Itamar Ben-Gvir, who serves as national security minister, said on Wednesday that he was shutting down a program dedicated to reducing violence in Arab Israeli towns. His reason: The program is operated by the American Jewish Joint Distribution Committee, which he called a “leftist organization.”
“JDC is a nonpolitical organization and has been so since our founding in 1914,” Michael Geller, a spokesperson for JDC, told the Jewish Telegraphic Agency.
Ben-Gvir’s characterization baffled many across the Jewish communal world who know the JDC as a nonpartisan group with an extensive track record of providing humanitarian aid to Jews in distress.
To them, Ben-Gvir’s criticism of the group is the latest sign that the rupture of political norms in Israel extends beyond the judicial reforms advanced by the government, which have drawn unprecedented protests.
“To call the JDC a left-wing organization is a joke. It is not political in any way,” said Amnon Be’eri-Sulitzeanu, co-CEO of the Abraham Initiatives, a nonprofit that works toward an “equal and shared society” for Jewish and Arab Israelis.
Be’eri-Sulitzeanu, who is Jewish, said he anticipated changes by the right-wing government, which was inaugurated in December. But he was surprised by Ben-Gvir’s announcement.
“I could expect revisiting collaboration with organizations that are branded as civil rights or human rights or Israeli-Palestinian organizations,” he added. “But the JDC — it’s very strange.”
Founded in 1914 by the American Jewish banker Jacob Schiff to aid Jews living in Palestine, the “Joint” has distributed billions of dollars in assistance across 70 countries — including, over the last year, to 43,000 Ukrainian Jews amid the war there. It played a central role in aiding Holocaust survivors following World War II, as well as in the resettlement of Jews from the former Soviet Union.
Among its biggest sources of support are Jewish federations, the nonpartisan umbrella charities found in nearly every major North American Jewish community.
“JDC is an apolitical organization that has worked with every government since the establishment of the State of Israel, providing critical services to the elderly, youth-at-risk, people with disabilities and other underserved populations across all sectors, including Haredim and Arab-Israelis,” the Jewish Federations of North America said in a statement. “JDC’s activities are a living and breathing example of the Jewish values of tikkun olam and tzedakah that guide Jewish Federations’ work every day,” Hebrew phrases that connote the Jewish imperative to repair the world, as well as charity.
JDC staff packing matzahs and haggadahs for online seders in Odessa, Ukraine, April 7, 2022. (JDC)
In Israel, the group funds and operates efforts to help needy populations — including immigrants, the elderly, people with disabilities and people living in poverty. Those efforts often involve working with the government, which in 2007 gave the JDC Israel’s most prestigious prize for its work. This year, according to a spokesman, the group is spending $129 million on Israel initiatives.
The JDC’s government-funded programs include the anti-violence effort that Ben-Gvir is targeting. It was made possible last year due to nearly $1 billion in funding to curb crime in Arab communities by the previous governing coalition, which was centrist. The allocation followed lobbying by Arab and civil society organizations, including the Abraham Initiatives, which is now monitoring how the money is being used as well as its impact.

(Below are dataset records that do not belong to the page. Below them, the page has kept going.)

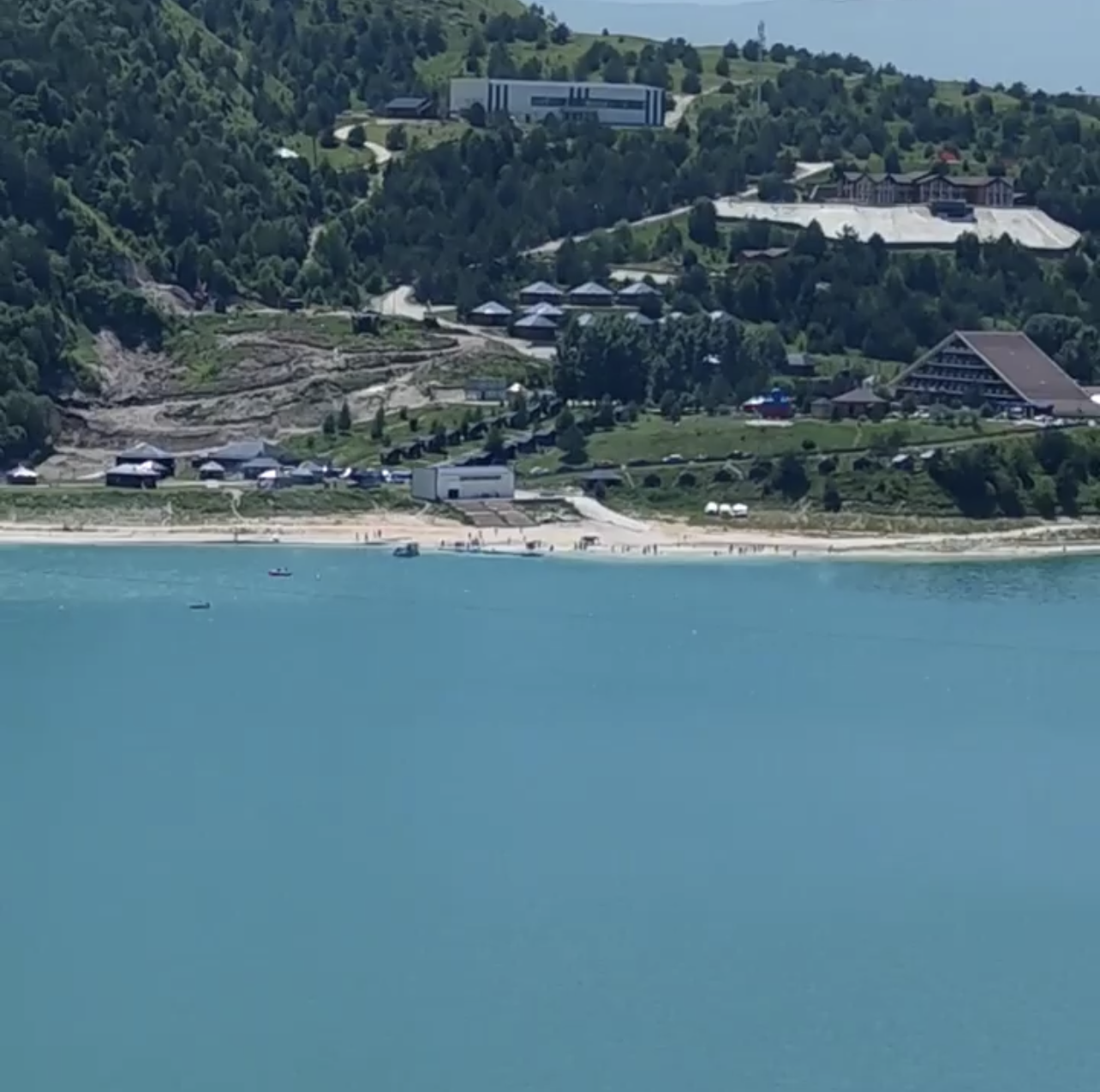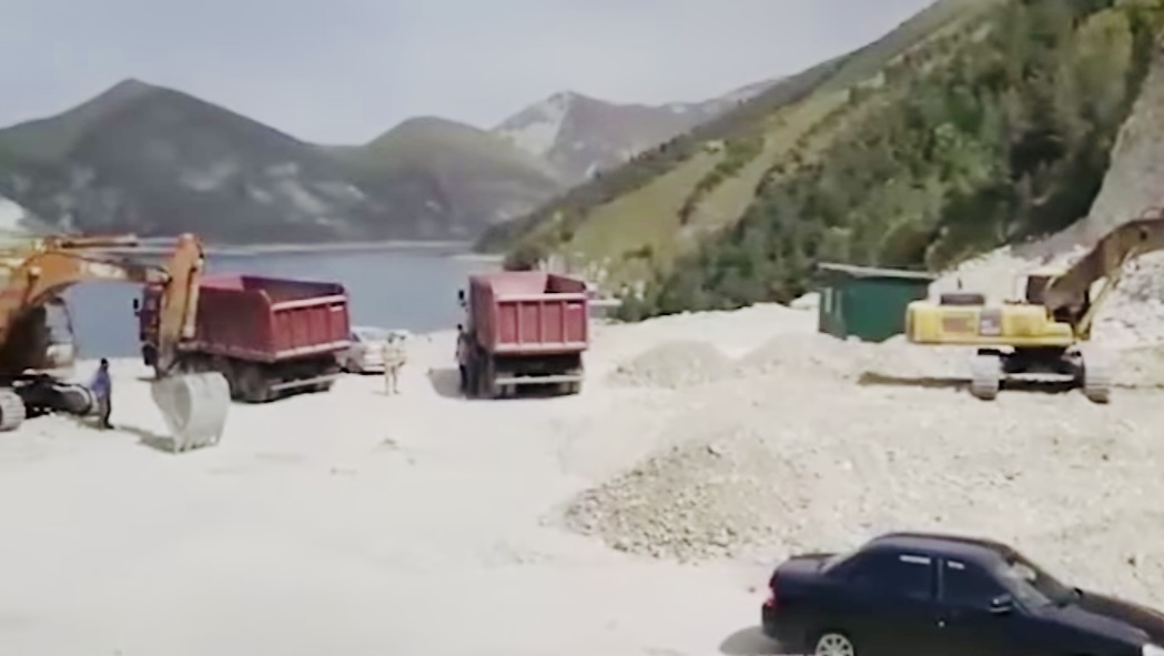 Строители незаконно разрушили естественный ландшафт на территории прилегающей к природному памятнику Кезеной-Ам на берегу озера. Фото - скриншот с видео из соцсетей
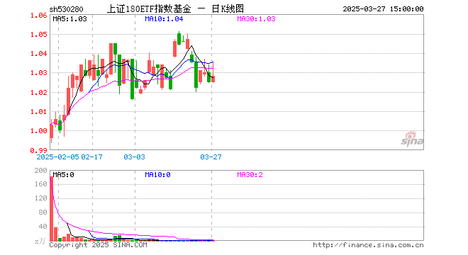 3月27日,上证180ETF指数基金(530280)涨0.29%,成交额96.86万元。当日份额增加450.00万份,最新份额为3593.40万份,近20个交易日份额增加1950.00万份。最新资产净值计算值为3698.69万元。
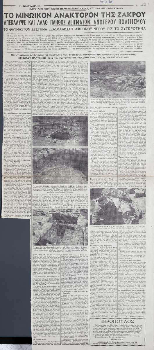 «Το Μινωικόν ανάκτορον της Ζάκρου απεκάλυψε και άλλο πλήθος δειγμάτων ανωτέρου πολιτισμού»
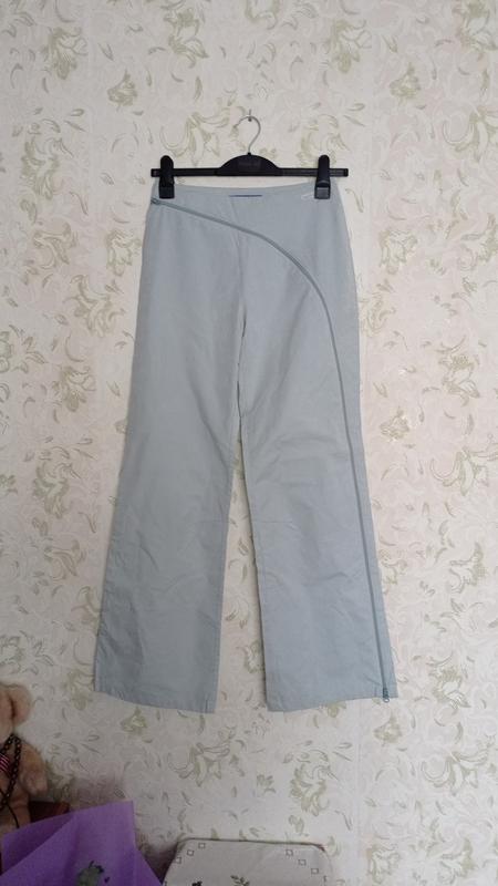 Ширина в поясе 35 см, полу ОБ 48 см, длина по внешнему шву 104,5 см, длина по внутреннему шву 79 см, глубина 25/34 см, ширина штанины низ 27 см, цвет ментоловый
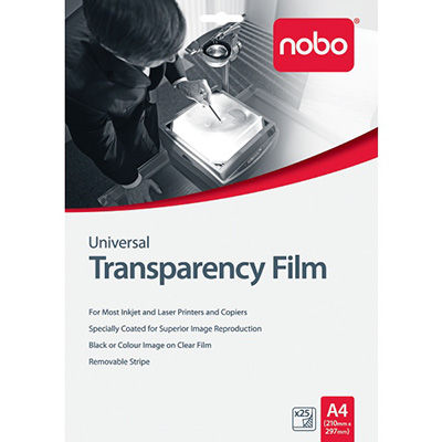 NOBO UNIVERSAL OHP TRANSPARENCY FILM 100 MICRON A4 BOX 25
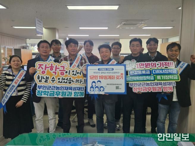 한민일보 서울포커스 김용택 기자 | 부안군 상하수도사업소는 최근 (재)부안군근농인재육성재단이 추진 중인 장학금 1군민 1후원계좌갖기 릴레이 캠페인에 참여하며 지역 인재 육성에 힘을 보탰다.
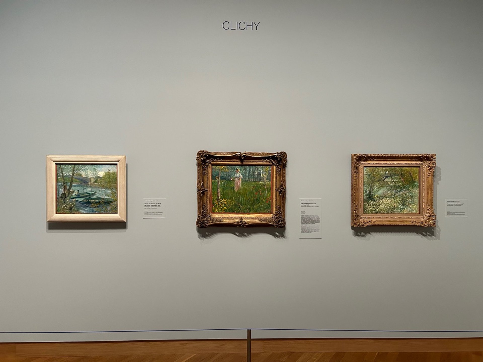 Seeing the reconstructed triptychs hanging in the exhibition makes one realise quite what a difference frames make. In the Clichy triptych, the Art Institute of Chicago’s simple frame represents a strong contrast with the ornate gilded surround on the loan from a private collection. Van Gogh himself favoured plain wooden frames.
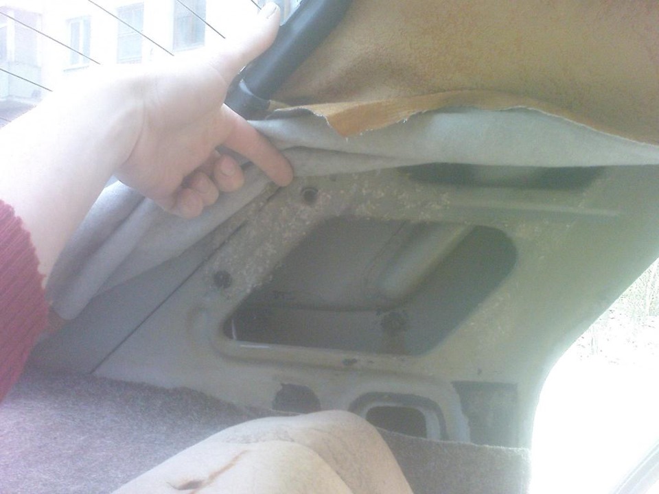 Прорези для ремня сквозь обивку потолка сделал на 9 см ниже болта верхнего крепления.

Arab citizens of Israel make up 84% of crime victims despite comprising just 20% of the population, according to government data released last year that showed a sharp rise in the proportion of Arab Israelis who had experienced violent crime.
Many in Arab communities have called for heightened law enforcement and have charged Israeli police with making inadequate efforts to keep their communities safe. This week, commenting on the shooting death of an Arab Israeli woman, Arab Israeli opposition lawmaker Ahmad Tibi accused Ben-Gvir of being “occupied with other matters,” such as clashes with the attorney general and police officials in Tel Aviv. “Maybe the time has come for senior officials to demonstrate responsibility when it comes to crime organizations and weapons running rampant,” Tibi said.
Other initiatives have aimed to tackle the violence in ways that go beyond policing. The program that Ben-Gvir said he is shutting down is one of them. Called Stop the Bleeding, it involves multiple government ministries as well as local community groups and education efforts and has operated in seven cities with large Arab populations, including a Bedouin town and Lod, a city with significant Arab organized crime networks that also has a large Jewish population.
Be’eri-Sulitzeanu said the program was already starting to bear fruit and had contributed to a slowdown in a multi-year rise in murders. Canceling the program, he said, reflects the current government’s general approach to tackling Israel’s problems.
“It’s not about collaboration. It’s not about hearing the concerns and pain and hopes and needs of the Arab community,” he said. “It’s about doing everything unilaterally, and really without a lot of care for the lives of those people. I think that’s what we are watching.”
MK Ahmad Tibi attends a meeting at the Knesset in Jerusalem, Dec. 6, 2022. (Olivier Fitoussi/Flash90)
A year ago, around the time when the previous government awarded the Stop the Bleeding contract to the JDC, Bezalel Smotrich, a key Ben-Gvir ally who was then an opposition lawmaker and now serves alongside Ben-Gvir as finance minister, proposed that Israel create a “command center” of “all of the relevant entities” that provide humanitarian assistance to Ukrainian Jewish refugees. Included on his list, alongside the Israeli Foreign Ministry and Red Cross: the JDC.
The JDC is not the first mainstream group to be targeted by far-right members of Israel’s new right-wing government, whose signature legislative effort aims to sap the power and independence of the country’s judiciary. That legislation has given rise to a sweeping protest movement and to grave warnings about Israel’s future from a broad range of public figures — including elder statesmen, foreign governments and religious leaders.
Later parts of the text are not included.